Click Data Migration Tool in the message that appears.
The data migration tool implements smooth data migration based on Elasticsearch shard allocation filters. The data migration does not affect your service availability.
In the Migrate Data dialog box, select a data migration method.
Parameter
Description
Smart Migration
The system selects the data nodes whose data is to be migrated.
Custom Migration
You must select the data nodes whose data you want to migrate.
Read the terms of data migration, select the check box, and click OK.
Then, the system restarts the cluster. During the restart, you can view the data migration progress in the Tasks dialog box. After the cluster is restarted, the data stored on the selected data nodes is migrated.
NoteDuring data migration, you can click Pause in the Tasks dialog box to pause the migration.

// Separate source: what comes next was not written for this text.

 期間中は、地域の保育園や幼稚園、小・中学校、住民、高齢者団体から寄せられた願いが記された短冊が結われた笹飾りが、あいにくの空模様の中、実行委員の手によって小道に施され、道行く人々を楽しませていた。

In the lower-right corner of the Basic Information page, choose again.
In the Remove Data Nodes section of the page that appears, select the data nodes whose data is migrated and click OK.

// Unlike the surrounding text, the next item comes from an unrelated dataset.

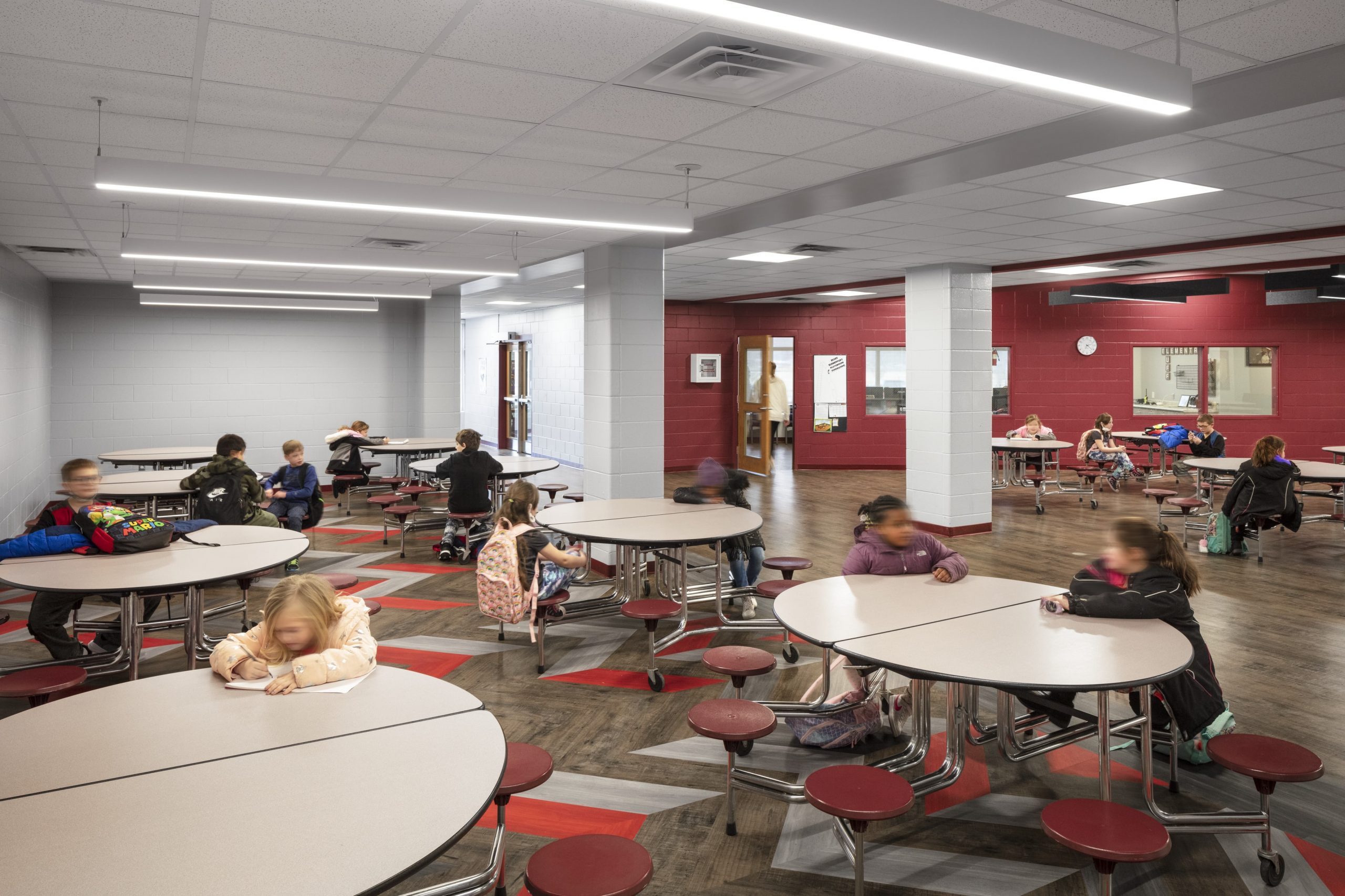 Beige block walls and peeling up flooring in the entrance and cafeteria areas were replaced with more vibrant finishes. The school’s colors of red, black and white were used in both the new LVT flooring and on the walls to add color and visual interest.

Then, the system restarts the cluster. During the restart, you can view the scale-in progress in the Tasks dialog box. After the cluster is restarted, the data nodes are removed from the cluster.
Roll back data migration
Data migration is time-consuming. Cluster status changes or data modifications may result in a data migration failure. You can view detailed information in the Tasks dialog box. To roll back data migration, perform the following steps:
- Log on to the Kibana console of your Elasticsearch cluster and go to the homepage of the Kibana console as prompted. For more information about how to log on to the Kibana console, see Log on to the Kibana console.Note In this example, an Elasticsearch V6.7.0 cluster is used. Operations on clusters of other versions may differ. The actual operations in the console prevail.

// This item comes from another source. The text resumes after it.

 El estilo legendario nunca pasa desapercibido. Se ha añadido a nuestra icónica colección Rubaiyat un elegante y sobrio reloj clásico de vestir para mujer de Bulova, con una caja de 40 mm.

- In the left-side navigation pane of the page that appears, click Dev Tools.
On the Console tab of the page that appears, run the following command to obtain the IP addresses of the data nodes whose data is migrated:
GET _cluster/settings
If the command is successfully run, the following result is returned:
{ "transient": { "cluster": { "routing": { "allocation": { "exclude": { "_ip": "192.168.xx.xx,192.168.xx.xx,192.168.xx.xx" } } } } } }
Roll back data.
Roll back the data on some data nodes. Use the exclude parameter to exclude the data nodes whose data you do not want to roll back.
PUT _cluster/settings { "transient": { "cluster": { "routing": { "allocation": { "exclude": { "_ip": "192.168.xx.xx,192.168.xx.xx" } } } } } }
Roll back the data on all data nodes.
PUT _cluster/settings { "transient": { "cluster": { "routing": { "allocation": { "exclude": { "_ip": null } } } } } }
Run the following command to check whether the data is rolled back:
GET _cluster/settings
If the command output does not contain the IP addresses of the data nodes whose data is rolled back, the rollback is successful. You can also check the rollback progress based on whether shards are reallocated to the data nodes.
NoteYou can run the
GET _cat/shards?v
command to check the status of a data migration or rollback task.